A política do Distrito Federal entrou oficialmente em estado de observação. Depois do prazo de desincompatibilização e da intensa janela partidária, muitos atores do cenário político brasiliense parecem ter apertado o freio e adotado uma postura cautelosa diante das incertezas que cercam as eleições de 2026. O sentimento predominante nos bastidores é um só: ninguém quer dar um passo errado antes de entender para onde sopra o vento do poder.
E isso se explica.
A disputa para deputado distrital promete ser uma das mais difíceis e imprevisíveis dos últimos anos. A redução no número de candidatos que cada partido poderá lançar aumentou brutalmente a concorrência interna. Agora, não basta apenas ter votos; é preciso estar no partido certo, no grupo político certo e, principalmente, no lado vencedor das alianças que ainda estão em formação.
Muitos parlamentares que trocaram de legenda acreditando que encontrariam um caminho mais confortável talvez já tenham percebido que o cálculo político não era tão simples. Em Brasília, eleição proporcional não perdoa erros estratégicos. Há candidatos que podem alcançar votações expressivas e, ainda assim, ficarem de fora por falta de densidade eleitoral da legenda.
O chamado quociente eleitoral continua sendo o verdadeiro “juiz invisível” das eleições proporcionais. O eleitor muitas vezes acredita que escolhe apenas o candidato, mas, na prática, escolhe também fortalecer o partido. E é justamente aí que mora o perigo para muitos pré-candidatos distritais.
Partidos pequenos ou legendas sem musculatura política suficiente correm sério risco de não atingir o mínimo necessário para garantir cadeiras na Câmara Legislativa. Nesse cenário, candidatos competitivos podem acabar vítimas do próprio partido. Em alguns casos, o político terá mais votos do que deputados eleitos em outras legendas, mas ficará sem mandato porque sua sigla não alcançou o desempenho necessário.

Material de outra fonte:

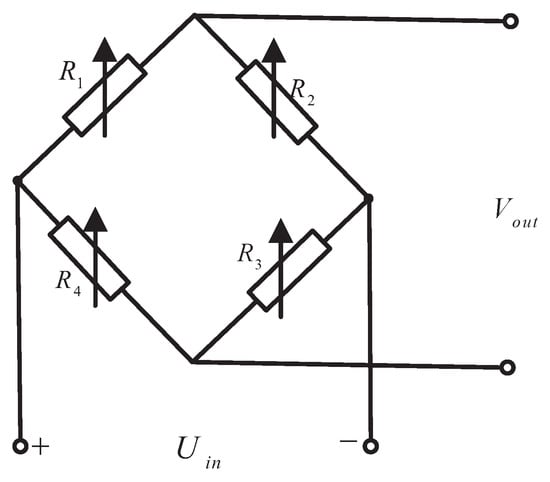 Referring to the literature [44] the four strain elements mounted in the silicon-cup bottom will constitute the Wheatstone bridge which is shown in Figure 12, according to the piezoresistive effect of silicon chip and suppose Wheatstone full arm bridge resistance as . When the strain of the strain gauge is achieved, the change rate of resistance value of the bridge arm is expressed as: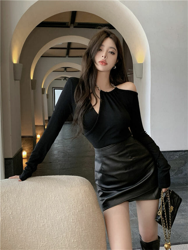 Be the first to review “Modern Lady 2 Colors Halter T-shirt with Slim Leather Skirt”

Por outro lado, há aqueles que decidiram permanecer em partidos tradicionais como o MDB e o Republicanos, apostando na força histórica dessas legendas no DF. A lógica parece razoável: partidos estruturados, com capilaridade política e presença consolidada nas regiões administrativas.

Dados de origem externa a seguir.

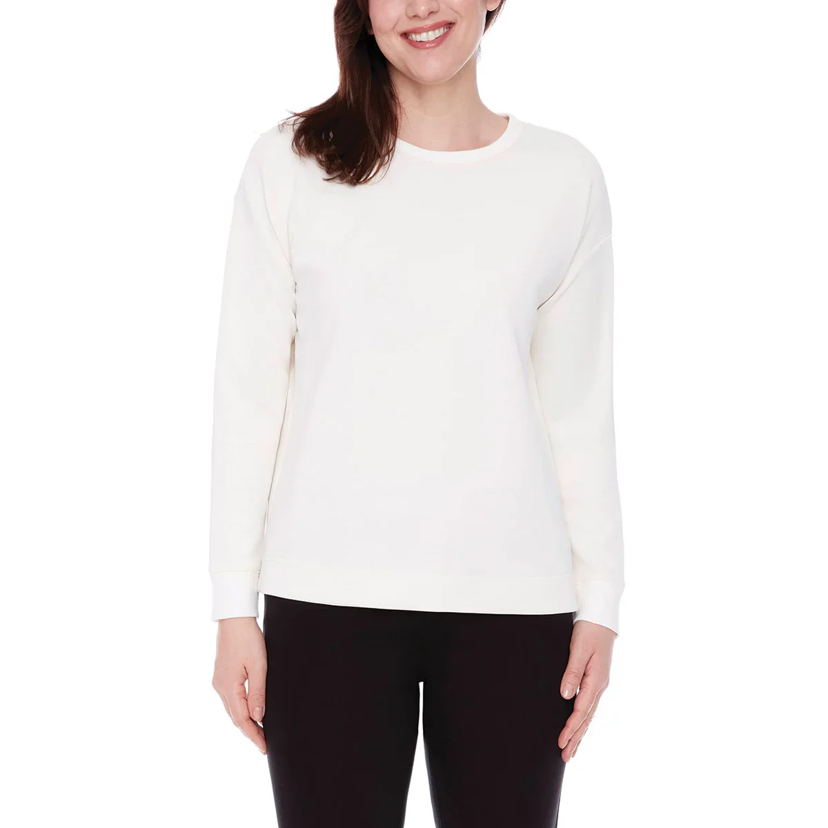 Caractéristiques: Tricot à base de TencelMC offrant une extrême douceur Peut se porter pour toutes les occasions Extensible et confortable Manches longues Encolure ronde ras du cou Polyester recyclé Couleurs: noir, ivoire, sarcelle ou brun Fabriqué au Cambodge Composition du tissu: 49% modal TencelMC, 45% polyester recyclé, 6% élasthanne Taille: P (4-6), M (8-10), G […]

Mas a política raramente respeita lógica linear.
O recente estremecimento entre o ex-governador Ibaneis Rocha e a governadora Celina Leão pode provocar impactos profundos nas bases eleitorais. Em Brasília, o poder administrativo sempre teve enorme influência na sobrevivência política dos parlamentares. Deputado sem espaço no governo perde força, perde indicações, perde interlocução e, muitas vezes, perde apoiadores.
A máquina pública, gostem ou não os defensores do discurso idealista, continua sendo peça central na engrenagem política do DF. Quando um parlamentar deixa de ocupar espaços estratégicos no governo, abre-se imediatamente uma disputa silenciosa por lideranças comunitárias, cargos e estruturas de apoio político.
E é justamente por isso que tantos políticos estão em “modo espera”.
Ninguém sabe ao certo qual será o tamanho do rompimento entre os grupos políticos que hoje orbitam o Palácio do Buriti. Ninguém sabe quais alianças sobreviverão até a campanha. Ninguém sabe quem estará no palanque de quem daqui a alguns meses.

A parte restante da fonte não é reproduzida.